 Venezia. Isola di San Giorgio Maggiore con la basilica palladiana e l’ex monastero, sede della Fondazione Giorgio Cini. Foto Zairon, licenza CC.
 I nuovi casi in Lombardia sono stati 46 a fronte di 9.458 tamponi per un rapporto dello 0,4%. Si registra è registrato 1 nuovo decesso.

--

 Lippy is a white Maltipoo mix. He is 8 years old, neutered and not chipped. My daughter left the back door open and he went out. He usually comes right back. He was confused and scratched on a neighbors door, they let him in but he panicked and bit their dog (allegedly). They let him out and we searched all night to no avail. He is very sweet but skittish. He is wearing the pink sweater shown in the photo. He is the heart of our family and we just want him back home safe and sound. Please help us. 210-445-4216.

• [WORK INSTRUCTION] The required answer is the run of lines above, starting at the line with "Venezia. Isola di" and ending at the line with "I nuovi casi", reproduced exactly with both ends.

• [RESULT]
 Venezia. Isola di San Giorgio Maggiore con la basilica palladiana e l’ex monastero, sede della Fondazione Giorgio Cini. Foto Zairon, licenza CC.
 I nuovi casi in Lombardia sono stati 46 a fronte di 9.458 tamponi per un rapporto dello 0,4%. Si registra è registrato 1 nuovo decesso.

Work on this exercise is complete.